Factors associated with depression
At a bivariate level, logistic regression was used to determine the single factors associated with depression. The analysis revealed that problem alcohol use (OR = 1.9, 95% CI = 1.16–3.13, P = 0.011), drug use (OR = 4.92, 95% CI = 1.88–12.88, P = 0.001), discrimination (OR = 3.34, 95% CI = 1.93–5.79, P = 0.001), being HIV positive (OR = 2.01, 95% CI = 1.13–3.6, P = 0.018) and taking medications routinely (OR = 2.14, 95% CI = 1.31–3.48, P = 0.002) are associated with a higher likelihood of getting depression. On the other hand, the analysis showed that having fewer members in a household (OR = 0.56, 95% CI = 0.35–0.9, P = 0.017), being educated (primary education: OR = 0.44, 95% CI = 0.21–0.95, P = 0.036; secondary education: OR = 0.35, 95% CI = 0.16–0.75, P = 0.007; tertiary education: OR = 0.34, 95% CI = 0.16–0.73, P = 0.006) and having family support (OR = 0.47, 95% CI = 0.28–0.78, P = 0.004) are associated with a lower risk of depression (Table 3).

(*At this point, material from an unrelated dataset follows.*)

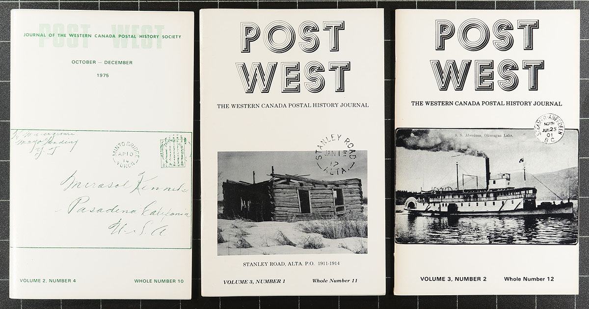 Literature. A mostly filled bankers box, filled with an array of literature, all within the scope of collecting Postal History. A total of 40 items, including several better books, and some examples of the seldom seen "Post West" journal. Too many items to list, so please take a look through the pictures to appreciate the scope of the group. Estimate =
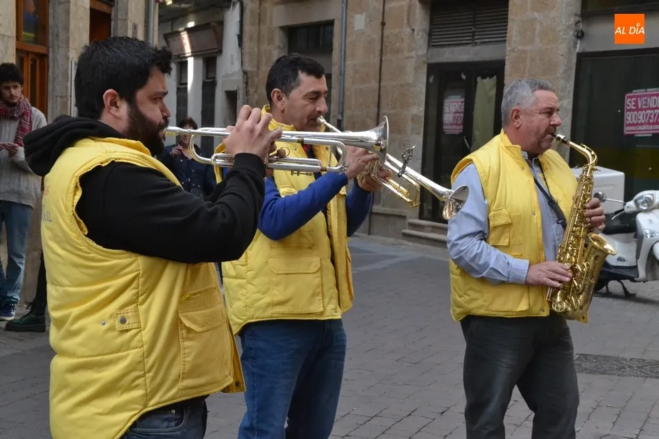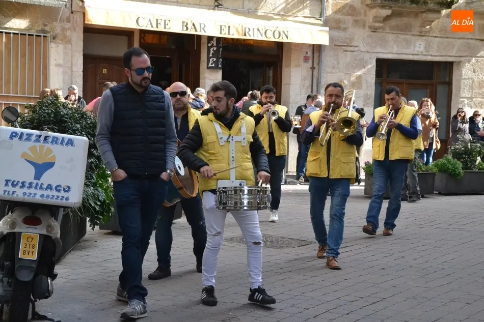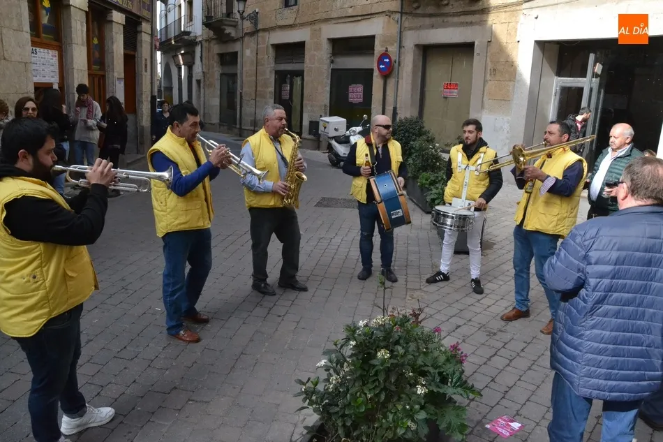 Además del inconfundible sonido del martilleo de las puntas que anticipa la llegada del Carnaval, el entorno de la Plaza Mayor ya sonó a la hora de comer del sábado a puro Carnaval, ya que estuvo tocando durante un rato por las calles adyacentes la Charanga Santa Ana, aprovechando que iban a asistir a la comida de la Peña El Rincón en el Hotel Arcos.

At a multivariate level, all factors that had a p-value less than 0.05 in the bivariate analysis were included in the model. From this analysis, the results reveal that participants who had had drug-abuse related problems were 4.4 times more likely to be depressed than those who had not had such problems (Table 3; AOR = 4.44, 95% CI = 1.34–14.74, P = 0.015). In addition, participants who had experienced discrimination on account of their health status were 2.3 times more likely to be depressed (AOR = 2.33, 95% CI = 1.22–4.45, P = 0.010), as compared to the participants who had not experienced discrimination. Participants who hailed from households with five or fewer members had 46% reduction in risk of being depressed (AOR = 0.54, 95% CI = 0.32–0.93, P = 0.026), those with primary education had 64% reduction in risk (AOR = 0.36, 95% CI = 0.15–0.88, P = 0.024), those with secondary education had 70% reduction in risk (AOR = 0.30, 95% CI = 0.12–0.76, P = 0.011) while those with tertiary education had 63% reduction in risk of suffering from depression (AOR = 0.37, 95% CI = 0.15–0.92, P = 0.032).
Measures for reducing depression risks
Using the questionnaire, I also sought views of study participants regarding measures that can be implemented to reduce depression risks among adults in the study area (Table 4).
Most of the participants (55.9%) called for more guidance and counselling services which can be achieved by establishing counselling centres and employing professional counsellors, 43.9% suggested the need for awareness campaigns and self-help projects while 29.2% pointed out the need to improve access and quality of medical services (Table 4). Other measures suggested include stress management and spiritual care services which may include prayers, retreats and fellowships, as reported by 11.0% of the participants, socialisation and problem sharing (11.0%), establishing specialised clinics and rehabilitation centres for people with depression (5.0%), timely screening and adherence to medication (4.2%), promoting nutritional management and physical exercise (3.7%), treatment of depression patients with respect (3.1%) and helping adults improve self-esteem and avoid negative influence through patient empowerment programs (2.9%).